ACTIVITY:
Without any images, output the records below verbatim.

Data excerpts:
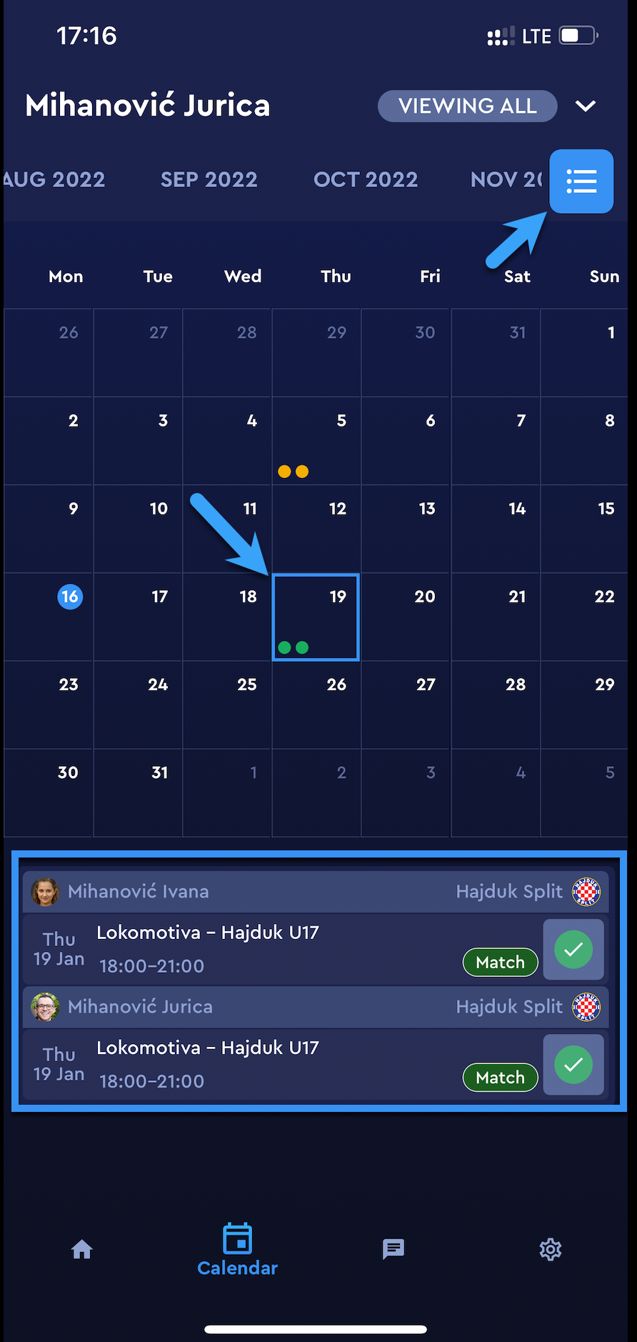 Hit the list-icon button to switch to the listed view of your events.
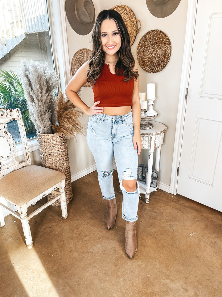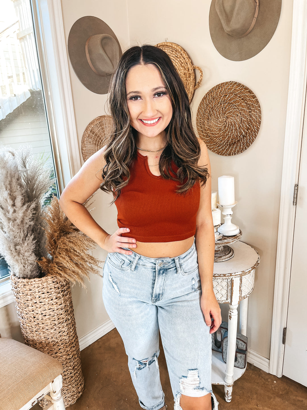 Dream Babe Notched Neckline Crop Tank Top in Rust Red
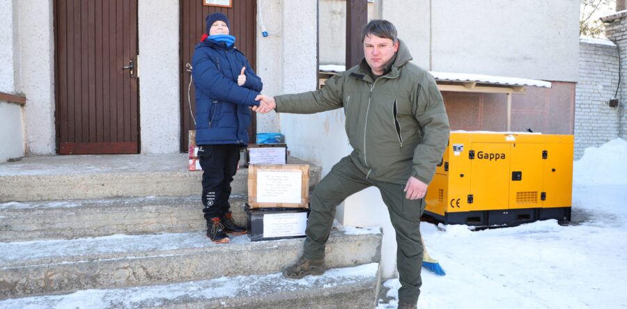 Сьогодні Максимко з батьком передав понад 50 окопних свічок, які сам виготовляв та три акумулятори потужністю 100 та 140 кВт начальнику Яворівської РВА Ярославу Коминському для захисників нашої королівської бригади.
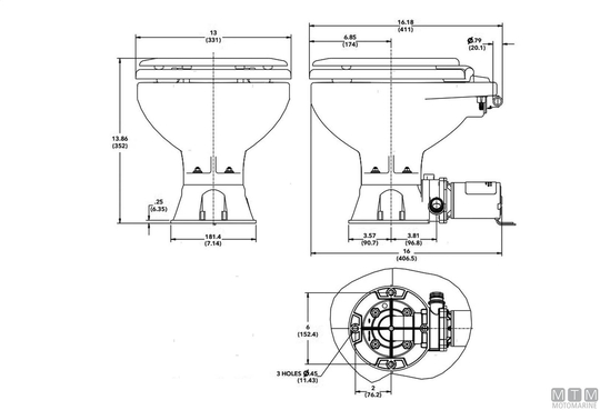 Jabsco Quiet E2 37245 serija Električna straniščna školjka iz porcelana, tih pretok in visokozmogljiv macerator. V kompletu s kontrolno ploščo in samosesalno vodno črpalko s filtrom, deluje tudi s slano vodo. Priključki za dovod vode velikosti 19 mm. Osnovo je mogoče namestiti v različne smeri glede na razpoložljiv prostor z odtočnim priključkom premera 25 mm, ki ga je mogoče postaviti na desno ali levo stran maceratorja.
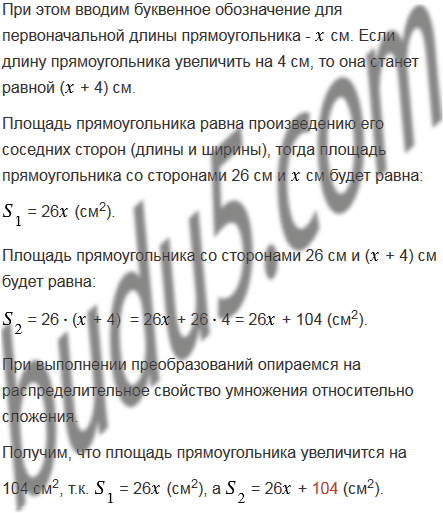 Ширина прямоугольника равна 26 см. На сколько квадратных сантиметров увеличится площадь этого прямоугольника, если его длину увеличить на 4 см?
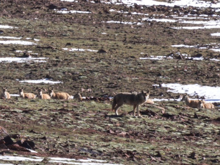 在青海可可西里地区拍摄的狼和藏羚羊群。新华社记者 杜笑微 摄
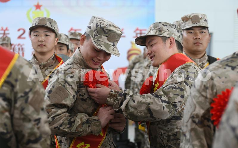 图片说明:2024年3月18日,安徽省阜阳市,走进高铁阜阳西站乘车的新兵相互帮忙佩戴大红花。
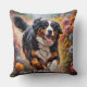 Söt Bernese Mountain Hund ser så lycklig ut som springa genom söt blommor.
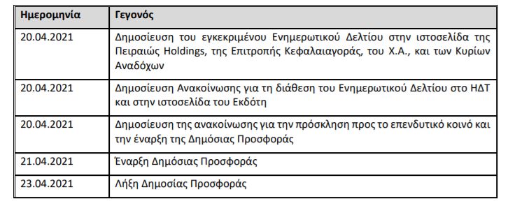 Σημειώνεται ότι το ως άνω χρονοδιάγραμμα εξαρτάται από αστάθμητους παράγοντες και ενδέχεται να μεταβληθεί. Σε κάθε περίπτωση, θα υπάρξει ενημέρωση του επενδυτικού κοινού με σχετική ανακοίνωση της Πειραιώς Holdings.
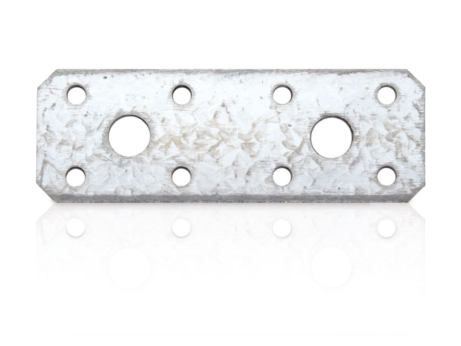 Verzinkter Metallverbinder mit 2 mm Stärke zum Verbinden oder Befestigen von Holzbauteilen mittels Schrauben oder Nägeln.
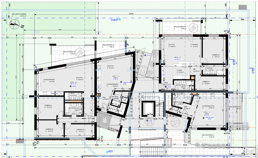Gli spazi esterni sono garantiti dai grandi giardini e dalle ampie terrazze.
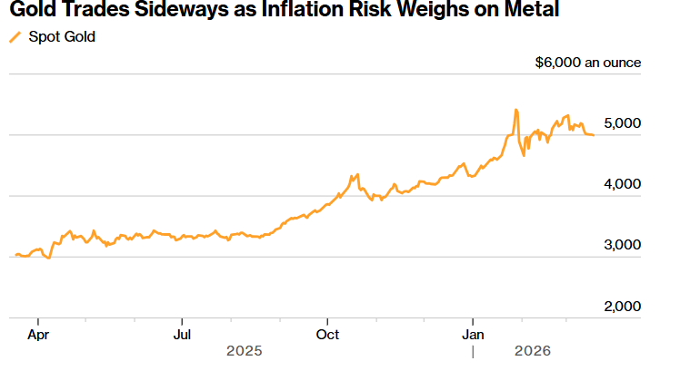 黄金在过去四个交易日中持续下跌,而今天的表现也不算乐观,价格继续在5,000美元这一关口附近窄幅整理。金价目前已连续第三周走低,尽管目前略有反弹。
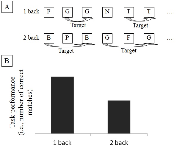 Figure 3. Panel (A): Illustration of the n-back paradigm (as realized in Colzato et al., 2013). In the context of this paradigm, participants are instructed to compare the current element of a sequence (e.g., a sequence with different letters) with the element n steps back (e.g., one, two or three steps). In case of a match (i.e., identical elements) they are instructed to give manual key press responses. The level of n determines the complexity level of the n-back situation and therefore the demand on the updating function. Panel (B): Typically, task performance (i.e., number of correct matches) decreases with the n level (e.g., decrease from n = 1 [1 back] to n = 2 [2 back]).

PROBLEM SOLUTION:
 Hit the list-icon button to switch to the listed view of your events.
 Dream Babe Notched Neckline Crop Tank Top in Rust Red
 Сьогодні Максимко з батьком передав понад 50 окопних свічок, які сам виготовляв та три акумулятори потужністю 100 та 140 кВт начальнику Яворівської РВА Ярославу Коминському для захисників нашої королівської бригади.
 Jabsco Quiet E2 37245 serija Električna straniščna školjka iz porcelana, tih pretok in visokozmogljiv macerator. V kompletu s kontrolno ploščo in samosesalno vodno črpalko s filtrom, deluje tudi s slano vodo. Priključki za dovod vode velikosti 19 mm. Osnovo je mogoče namestiti v različne smeri glede na razpoložljiv prostor z odtočnim priključkom premera 25 mm, ki ga je mogoče postaviti na desno ali levo stran maceratorja.
 Ширина прямоугольника равна 26 см. На сколько квадратных сантиметров увеличится площадь этого прямоугольника, если его длину увеличить на 4 см?
 在青海可可西里地区拍摄的狼和藏羚羊群。新华社记者 杜笑微 摄
 图片说明:2024年3月18日,安徽省阜阳市,走进高铁阜阳西站乘车的新兵相互帮忙佩戴大红花。
 Söt Bernese Mountain Hund ser så lycklig ut som springa genom söt blommor.
 Σημειώνεται ότι το ως άνω χρονοδιάγραμμα εξαρτάται από αστάθμητους παράγοντες και ενδέχεται να μεταβληθεί. Σε κάθε περίπτωση, θα υπάρξει ενημέρωση του επενδυτικού κοινού με σχετική ανακοίνωση της Πειραιώς Holdings.
 Verzinkter Metallverbinder mit 2 mm Stärke zum Verbinden oder Befestigen von Holzbauteilen mittels Schrauben oder Nägeln.
Gli spazi esterni sono garantiti dai grandi giardini e dalle ampie terrazze.
 黄金在过去四个交易日中持续下跌,而今天的表现也不算乐观,价格继续在5,000美元这一关口附近窄幅整理。金价目前已连续第三周走低,尽管目前略有反弹。
 Figure 3. Panel (A): Illustration of the n-back paradigm (as realized in Colzato et al., 2013). In the context of this paradigm, participants are instructed to compare the current element of a sequence (e.g., a sequence with different letters) with the element n steps back (e.g., one, two or three steps). In case of a match (i.e., identical elements) they are instructed to give manual key press responses. The level of n determines the complexity level of the n-back situation and therefore the demand on the updating function. Panel (B): Typically, task performance (i.e., number of correct matches) decreases with the n level (e.g., decrease from n = 1 [1 back] to n = 2 [2 back]).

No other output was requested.